Peter Ould comments: The Employment Tribunal hearing the case of Jeremy Pemberton against Bishop Richard Inwood has delivered its verdict, dismissing all the claims made. The case revolved around the refusal of a licence to Jeremy Pemberton for a new hospital chaplaincy job on the grounds that he had entered a same-sex marriage. Pemberton claimed for discrimination and harassment.
The Tribunal judgement makes a number of precise observations:
1. It is very clear that the doctrine of the Church of England is that marriage is between a man and a woman and not between two people of the same sex. Notions from Pemberton’s team that the meaning of marriage changes over time were dismissed. The idea that, since Canon B30 doesn’t explicitly forbid same-sex marriage, Pemberton wasn’t breaking it was ruled a nonsense by the Tribunal. The Tribunal pointed out very clearly that at the time of the framing of B30 homosexuality was illegal, so it was ridiculous to assert that the framers of that Canon would have had a positive view of it, given half a chance (para 188).
2. The majority of the case rested on whether the Church of England had an exemption under Schedule 9, Section 2 of the Equality Act 2010. The Tribunal ruled very clearly that such an exemption clearly operated in this case. As para 151 of the ruling says:
The point being that if there is a clear doctrine relating to the nature of marriage and which excludes same sex marriage for the purposes of the Church, rather than the State, and that doctrine requires obedience from the Priest by way of Canons, then that is an end of the matter for our purposes.
3. The Church of England (and Bishop Inwood) was found to have been consistent in the way they handled the matter and that the process was not arbitrary.
4. The claim for harassment was dismissed on the basis that the Church carried out the processes it went through with no malice. Certainly the Church made no effort to create any publicity around the case (unlike the claimant whose husband make several public statements) and any distress that Pemberton felt was not actionable because the Church kept well within what it was permitted to do by law.
The judgement is worth reading in its entirety as it explores in detail all the legal issues raised far beyond what we have space here to describe.
What next? It is possible that Pemberton will appeal, but it’s not clear on what grounds. With such a clear ruling, Pemberton’s legal team would have to strike a fatal blow at the Schedule 9, Section 2 exemption in the Equality Act that the Church of England has. Such a blow would have far reaching consequences for the Church of England and is likely to be vigorously defended. Sources within the Church of England hierarchy have told me that the case has been quite expensive for the Church so far and whilst they may be willing to bear that cost themselves given the importance of the need for such a test case to be heard and to offer a sign of grace to Pemberton, it’s very likely that they would insist that any appeal costs should be borne by Pemberton if he loses again.

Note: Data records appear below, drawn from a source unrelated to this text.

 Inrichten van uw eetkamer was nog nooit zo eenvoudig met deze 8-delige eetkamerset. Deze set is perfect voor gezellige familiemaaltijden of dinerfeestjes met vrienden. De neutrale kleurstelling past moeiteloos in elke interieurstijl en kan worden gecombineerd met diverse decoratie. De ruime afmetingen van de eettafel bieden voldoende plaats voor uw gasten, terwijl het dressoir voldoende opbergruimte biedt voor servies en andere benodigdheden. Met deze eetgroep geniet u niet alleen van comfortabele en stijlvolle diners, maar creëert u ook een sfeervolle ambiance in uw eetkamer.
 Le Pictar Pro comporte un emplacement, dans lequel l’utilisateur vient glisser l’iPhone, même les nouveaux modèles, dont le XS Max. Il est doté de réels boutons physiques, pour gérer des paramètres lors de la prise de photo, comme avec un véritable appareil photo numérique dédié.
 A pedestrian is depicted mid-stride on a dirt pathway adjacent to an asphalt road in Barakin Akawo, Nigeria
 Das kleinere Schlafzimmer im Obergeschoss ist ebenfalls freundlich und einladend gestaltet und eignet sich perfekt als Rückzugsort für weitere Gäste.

One thing is for sure. Based on this judgement no Church of England priest or deacon who entered a same sex marriage could expect to receive a licence or PTO for any post they applied for after they contracted their marriage. If Pemberton appeals and loses, that appeal would then form a clear legal precedent (at the moment it is just an observable case) further strengthening the position of the Church of England.

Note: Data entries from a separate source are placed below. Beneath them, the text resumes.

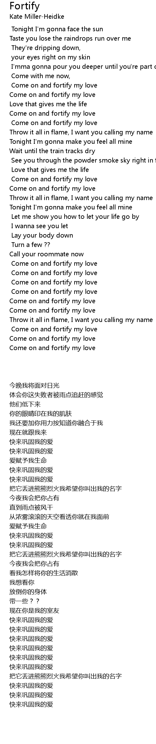 Come on and fortify my love |
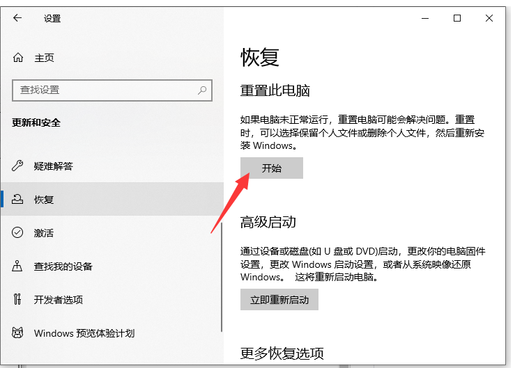 3.選擇左側的恢復,再選擇右側選項中的的開始按鍵重置電腦。
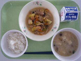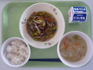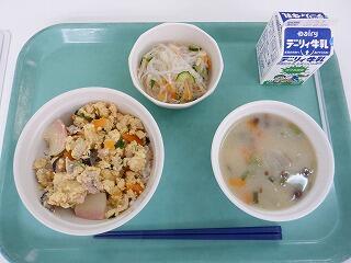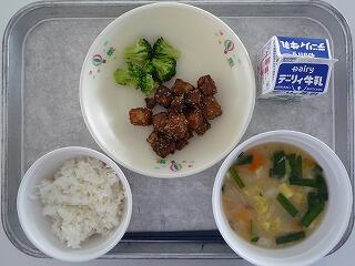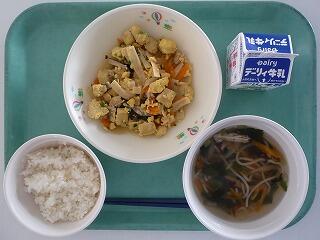 麦ご飯 高野豆腐の卵とじ 魚そうめん汁 牛乳
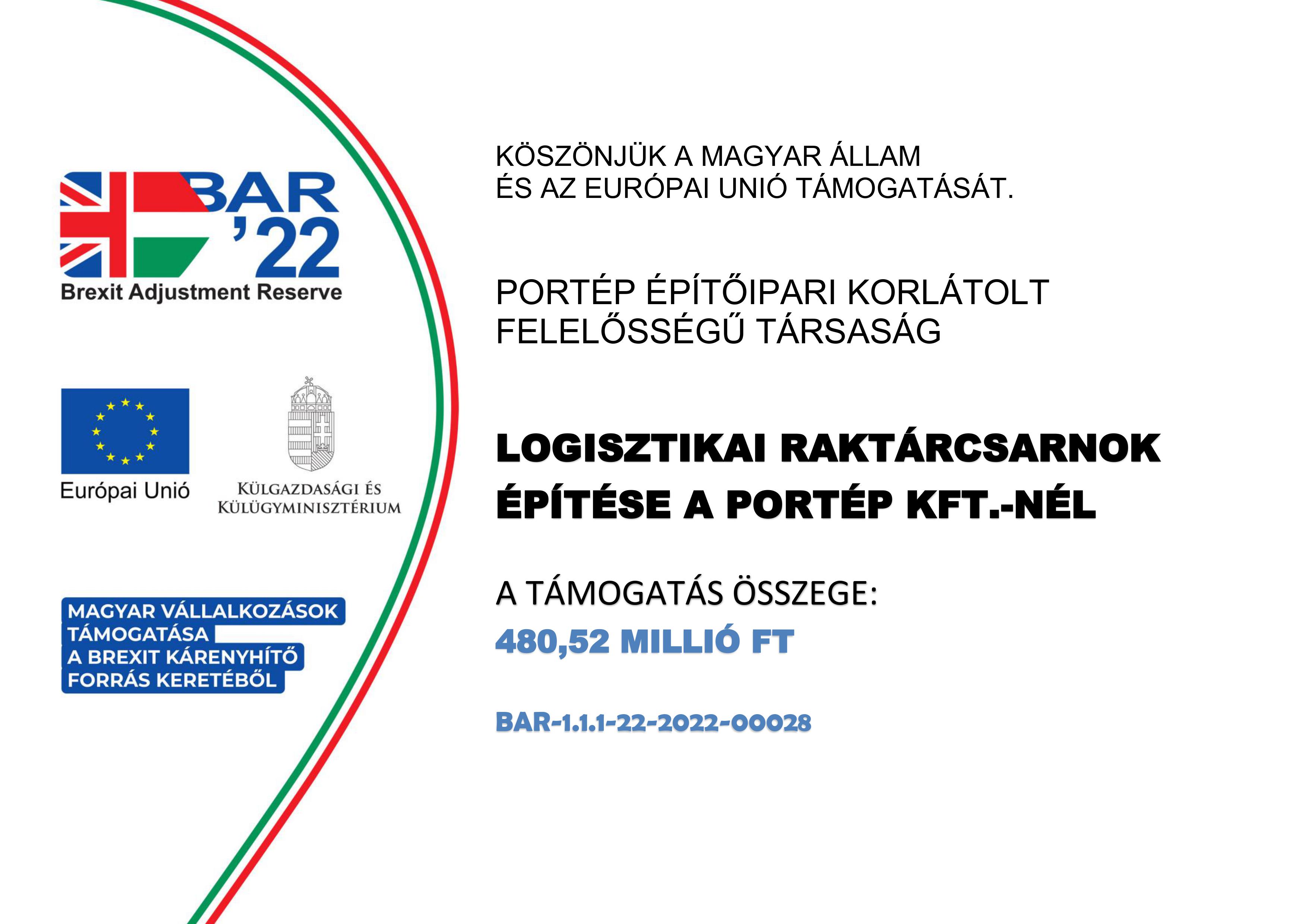 A fejlesztés tárgya, célja: A projekt célja, a PORTÉP Építőipari Korlátolt Felelősségű Társaság részére támogatás biztosítása azon negatív gazdasági hatások ellensúlyozására, amelyek az Egyesült Királyságnak az Európai Unióból történt kilépése nyomán szenvedett el.
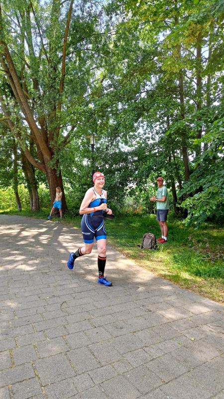 Nach weiteren 7 bis 9 Minuten Minuten erreichten die ersten Damen der Gaensefurther Triathleten das Ziel. Annegret Wille wurde immer wieder auf der Laufstrecke von Ina Schöler überholt. Auch der letzten der vier Schwimmstrecken hatte aber erneut Wille die Nase vorn und erreichte das Ziel in 1:46h (Platz 18). Ina Schöler folgte in 1:48h (Platz 20). Mit erfrischenden Erdbeerspießen und Erfrischungen wurde Silke Ludßuweit empfangen sie beendete den Wettkampf nach 2:12h (Platz 37).
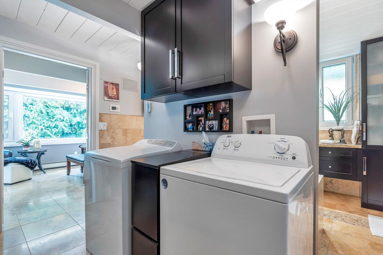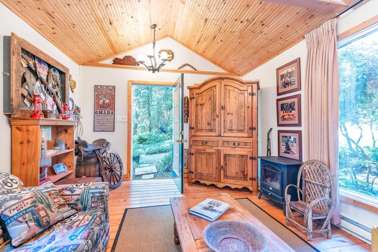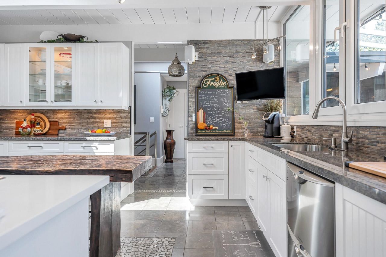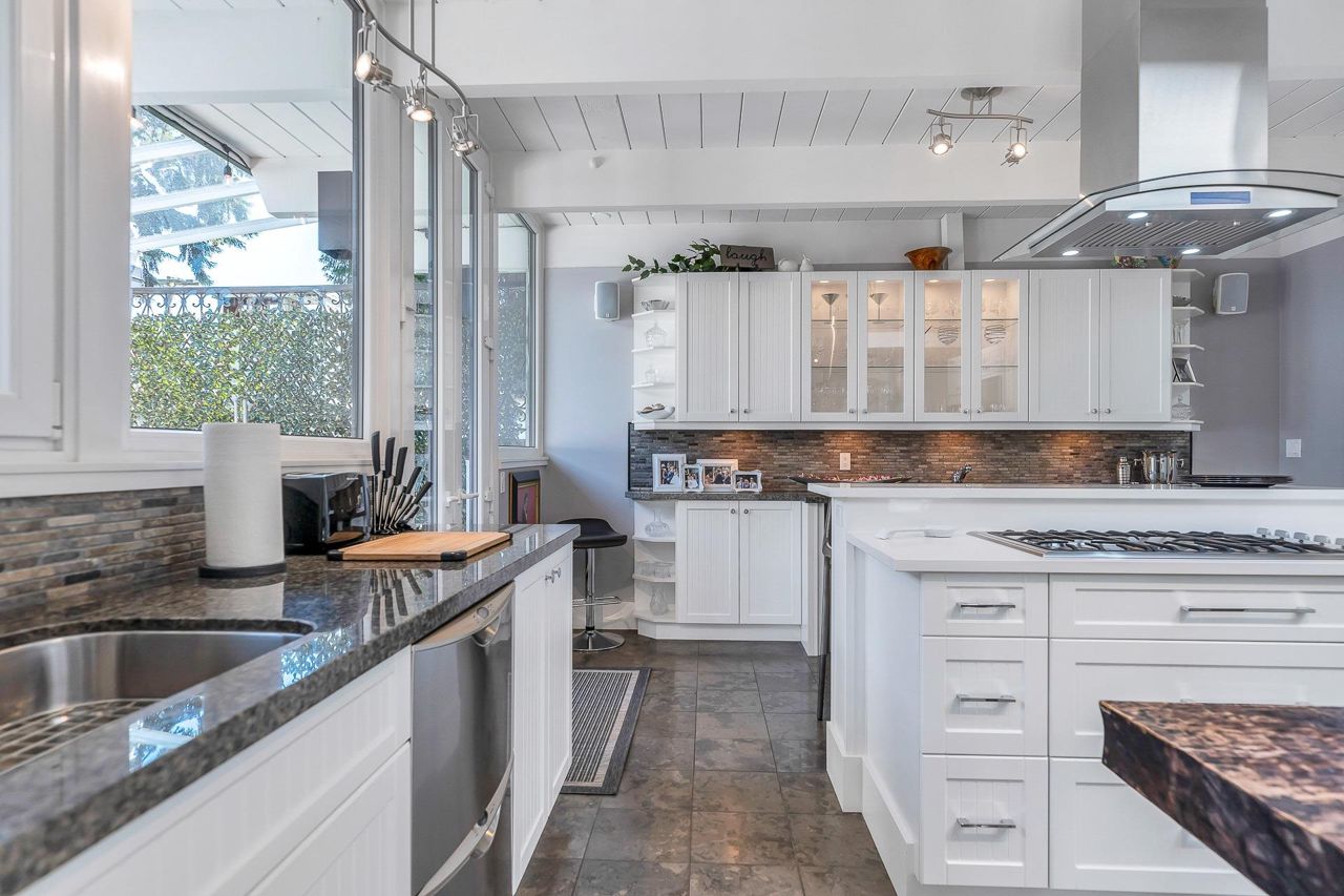 A truly unique property! This 2500 sqft, 2 bedroom (could be 3), 2 bathroom, completely remodeled home sits on a park-like 17,000+ sqft lot on a quiet street! Spacious high end kitchen built for entertaining features Fisher Paykel appliances, heated floors, fabulous kitchen island and wet bar. Newer roof, plumbing, deck, tilt and turn windows, 2 car garage with heating and new door, big driveway, 3 separate private outdoor areas include a Zen area, covered front patio and huge back deck that overlooks a completely serene backyard and views of the Fraser River. Updated bathrooms with extensive tile and travertine stone, heated floors and a spa inspired ensuite bathroom off primary bedroom. Backyard features a separate garden sanctuary, creek and garden cottage. Downstairs offers flexibility

The ruling yesterday is one more component of the ongoing discussion around sexuality in the Church of England. It tells us that there are no legal obstacles in the Church of England holding on to its current doctrine of marriage and it shows that the very clear guidelines the House of Bishops have agreed around same sex marriage and the clergy are legal and enforceable.
My own reflections on reading the judgement:
In reading the judgement yesterday, I was impressed with the degree to which the judge had engaged with documents and discussion in the Church—a discussion which some within the Church are finding hard to follow. There were some small mistakes (at one point calling Synod ‘Senate’, and suggesting that clergy can ‘bless’ civil partnerships), but there was extensive citation from canon law, from the House of Bishops’ statements, and from discussion documents including the Pilling Report. There is always a danger that too much weight is given to ‘reports’—which have in fact no formal status within the Church unless something else happens to them. But the conclusion of the judge was striking: the Church is in the process of a debate about these issues, but that debate notwithstanding, the Church does have a position on same-sex marriage, and that position is both clear and consistent.
The second interesting feature was the extent to which the judge explored the correspondence between Pemberton and the two relevant bishops—Richard Inwood, Acting Bishop of Southwell and Nottingham, and Christopher Lowson, Bishop of Lincoln. The fact that Pemberton continues to hold a licence in Lincoln was interpreted by many as indicating that Lowson took a more lenient view of Pemberton’s marriage than Inwood, and that in turn undermined any sense of coherence in the Church’s position. In fact, the opposite appears to have been the case; the judge cites the rebuke from Lowson as supporting evidence of the Church’s coherent and consistent position.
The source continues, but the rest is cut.